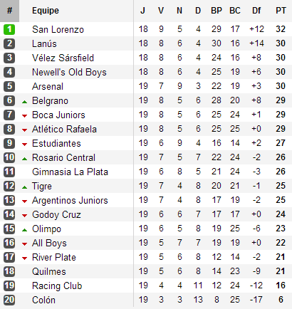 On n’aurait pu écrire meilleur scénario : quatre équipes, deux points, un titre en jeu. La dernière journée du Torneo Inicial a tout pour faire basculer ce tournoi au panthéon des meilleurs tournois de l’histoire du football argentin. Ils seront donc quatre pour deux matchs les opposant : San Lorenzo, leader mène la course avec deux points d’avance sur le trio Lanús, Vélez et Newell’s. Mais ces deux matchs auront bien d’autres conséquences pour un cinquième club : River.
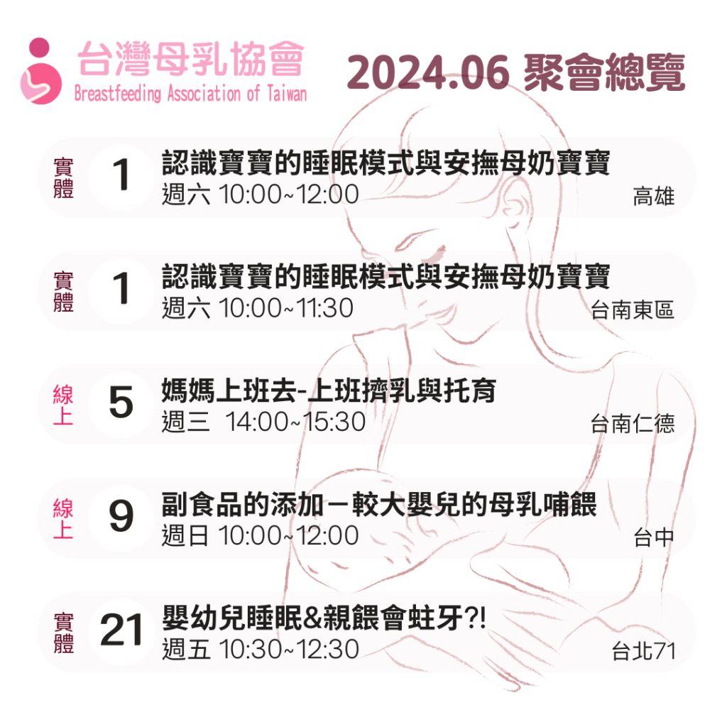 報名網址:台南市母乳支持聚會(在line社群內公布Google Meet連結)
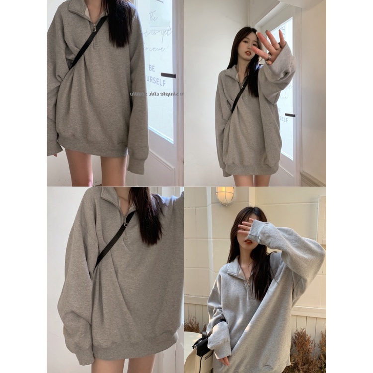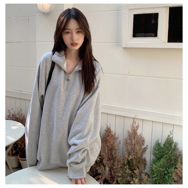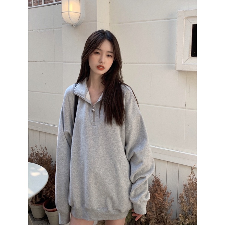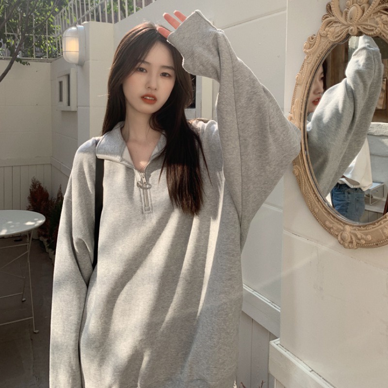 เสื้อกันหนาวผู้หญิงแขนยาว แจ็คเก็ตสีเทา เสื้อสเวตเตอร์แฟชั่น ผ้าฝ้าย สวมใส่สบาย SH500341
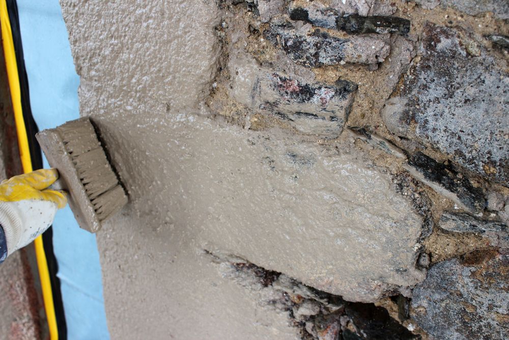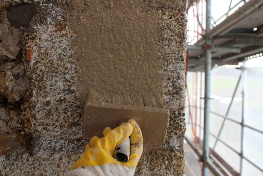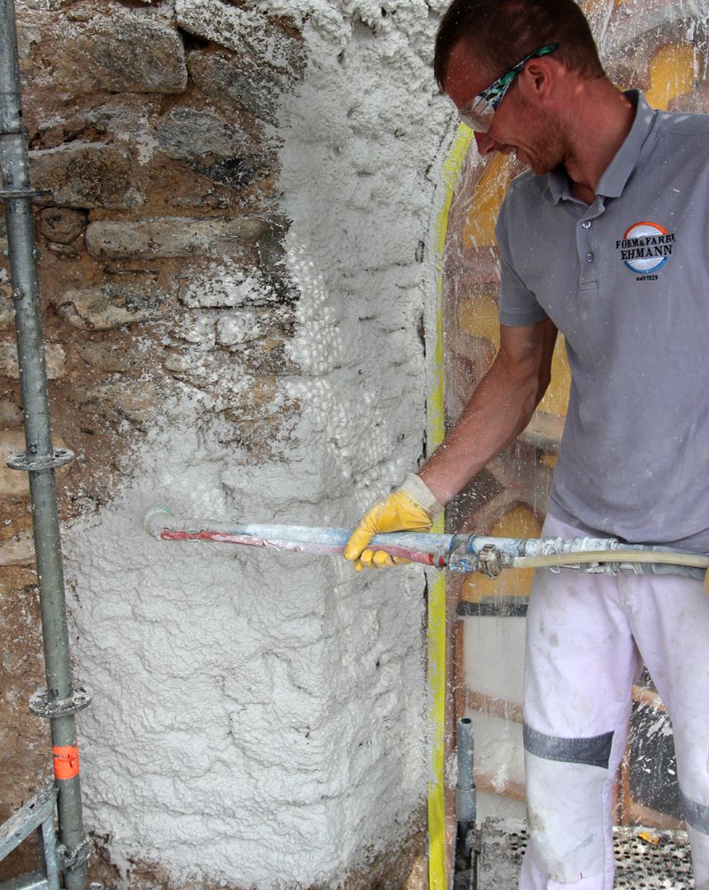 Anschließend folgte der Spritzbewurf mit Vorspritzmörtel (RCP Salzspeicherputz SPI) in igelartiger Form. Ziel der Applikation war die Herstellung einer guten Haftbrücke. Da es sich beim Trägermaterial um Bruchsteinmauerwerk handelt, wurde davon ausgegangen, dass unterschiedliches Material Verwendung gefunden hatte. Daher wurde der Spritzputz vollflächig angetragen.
+ + + + +
Copy all of the data above exactly. Leave out every picture.

 On n’aurait pu écrire meilleur scénario : quatre équipes, deux points, un titre en jeu. La dernière journée du Torneo Inicial a tout pour faire basculer ce tournoi au panthéon des meilleurs tournois de l’histoire du football argentin. Ils seront donc quatre pour deux matchs les opposant : San Lorenzo, leader mène la course avec deux points d’avance sur le trio Lanús, Vélez et Newell’s. Mais ces deux matchs auront bien d’autres conséquences pour un cinquième club : River.
 報名網址:台南市母乳支持聚會(在line社群內公布Google Meet連結)
 เสื้อกันหนาวผู้หญิงแขนยาว แจ็คเก็ตสีเทา เสื้อสเวตเตอร์แฟชั่น ผ้าฝ้าย สวมใส่สบาย SH500341
 Anschließend folgte der Spritzbewurf mit Vorspritzmörtel (RCP Salzspeicherputz SPI) in igelartiger Form. Ziel der Applikation war die Herstellung einer guten Haftbrücke. Da es sich beim Trägermaterial um Bruchsteinmauerwerk handelt, wurde davon ausgegangen, dass unterschiedliches Material Verwendung gefunden hatte. Daher wurde der Spritzputz vollflächig angetragen.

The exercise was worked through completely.